## Calculus (3rd Edition)

The volume of the region is $\frac{4}{5}$.
Recall that the double integral defines the signed volume between the graph of $f\left( {x,y} \right)$ and the $xy$-plane. That is, $\mathop \smallint \limits_{}^{} \mathop \smallint \limits_{\cal D}^{} f\left( {x,y} \right){\rm{d}}A$. Referring to the figure attached, we see that the solid region lies over the domain ${\cal D}$, which is a vertically simple region. The left and right boundaries of ${\cal D}$ are $x=-1$ and $x=1$, respectively.
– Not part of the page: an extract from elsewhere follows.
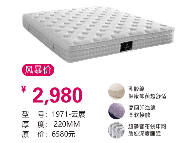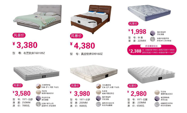 超強承托加強護(hù)脊床墊(1.8*2.0)風(fēng)暴價1998元,超靜音布袋簧床墊(1.8*2.0)2980元,高檔真皮軟床風(fēng)暴價4380元,時尚布藝軟床風(fēng)暴價3380元,除此之外,還有更多超值產(chǎn)品供您選購,具體活動詳情可咨詢當(dāng)?shù)厮雽毚矇|專賣店。
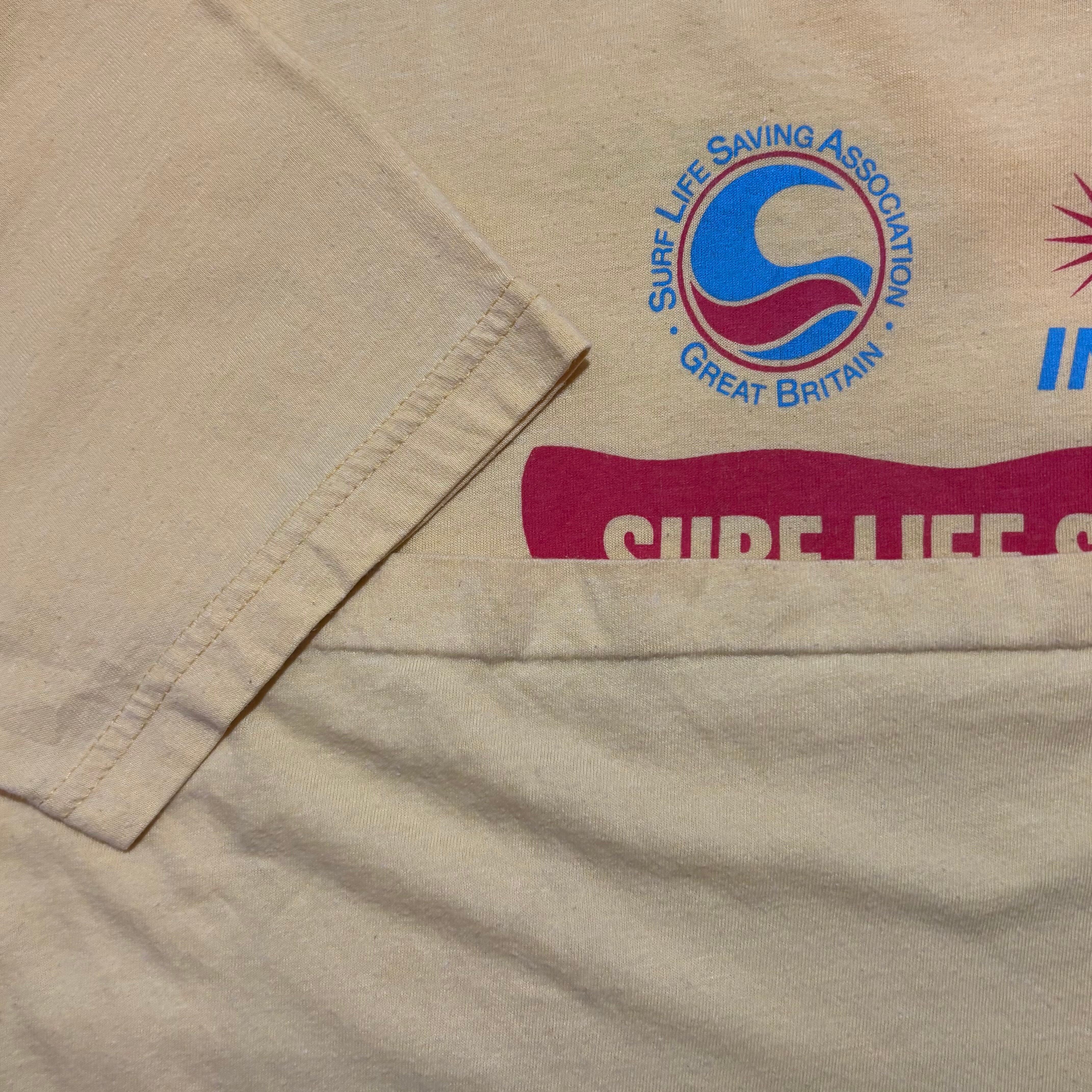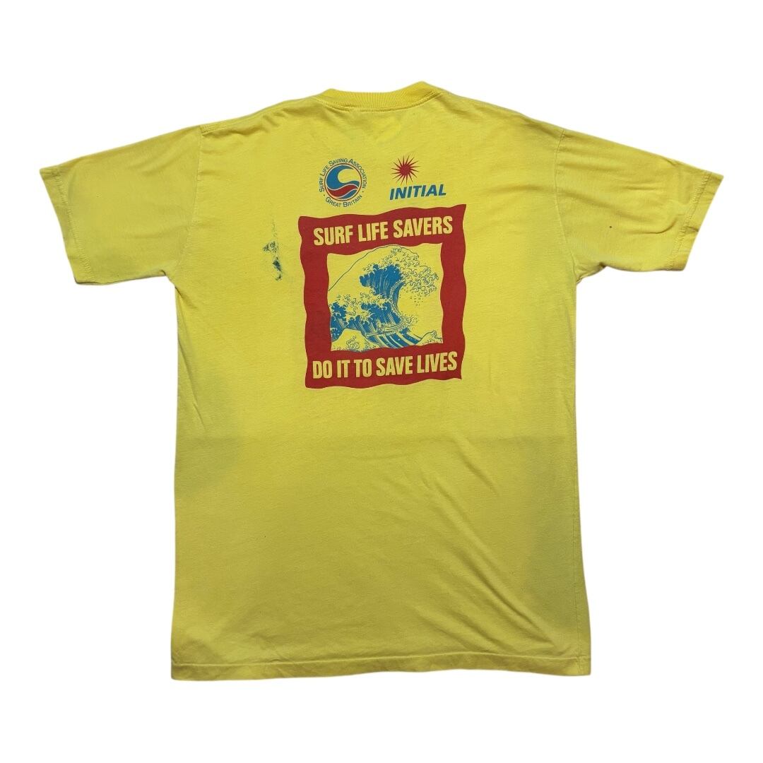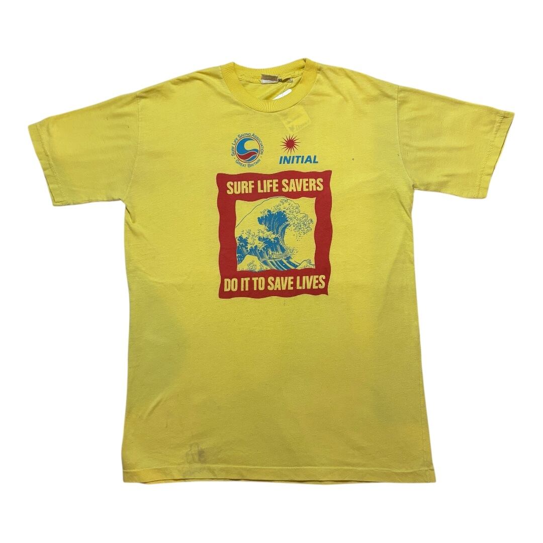 【D11】〜 90s sportswear SURF LIFE SAVERS HOKUSAI T-shirt yellow X-large / 1980年代 1990年代 スポーツウェア サーフィン 葛飾北斎 Tシャツ 黄色 XLサイズ

Whereas, the lower and upper boundaries are $y=0$ and $y = 1 - {x^2}$, respectively. Thus, the domain description of ${\cal D}$ is ${\cal D} = \left\{ {\left( {x,y} \right)| - 1 \le x \le 1,0 \le y \le 1 - {x^2}} \right\}$ From the figure attached, we see that the solid is bounded below by $z=1$ and bounded above by $z+y=2$. So, $z=2-y$. Thus, by Theorem 3, we have $f\left( {x,y} \right) = 2 - y - 1 = 1 - y$. We evaluate the volume of the solid as an iterated integral: $\mathop \smallint \limits_{}^{} \mathop \smallint \limits_{\cal D}^{} f\left( {x,y} \right){\rm{d}}A = \mathop \smallint \limits_{x = - 1}^1 \mathop \smallint \limits_{y = 0}^{1 - {x^2}} \left( {1 - y} \right){\rm{d}}y{\rm{d}}x$ $= \mathop \smallint \limits_{x = - 1}^1 \left( {\left( {y - \frac{1}{2}{y^2}} \right)|_{y = 0}^{1 - {x^2}}} \right){\rm{d}}x$ $= \mathop \smallint \limits_{x = - 1}^1 \left( {1 - {x^2} - \frac{1}{2}{{\left( {1 - {x^2}} \right)}^2}} \right){\rm{d}}x$ $= \mathop \smallint \limits_{x = - 1}^1 \left( {\frac{1}{2} - \frac{1}{2}{x^4}} \right){\rm{d}}x$ $= \left( {\left( {\frac{1}{2}x - \frac{1}{{10}}{x^5}} \right)|_{ - 1}^1} \right)$ $= \frac{1}{2} - \frac{1}{{10}} + \frac{1}{2} - \frac{1}{{10}}$ $= \frac{4}{5}$ So, the volume of the region is $\frac{4}{5}$.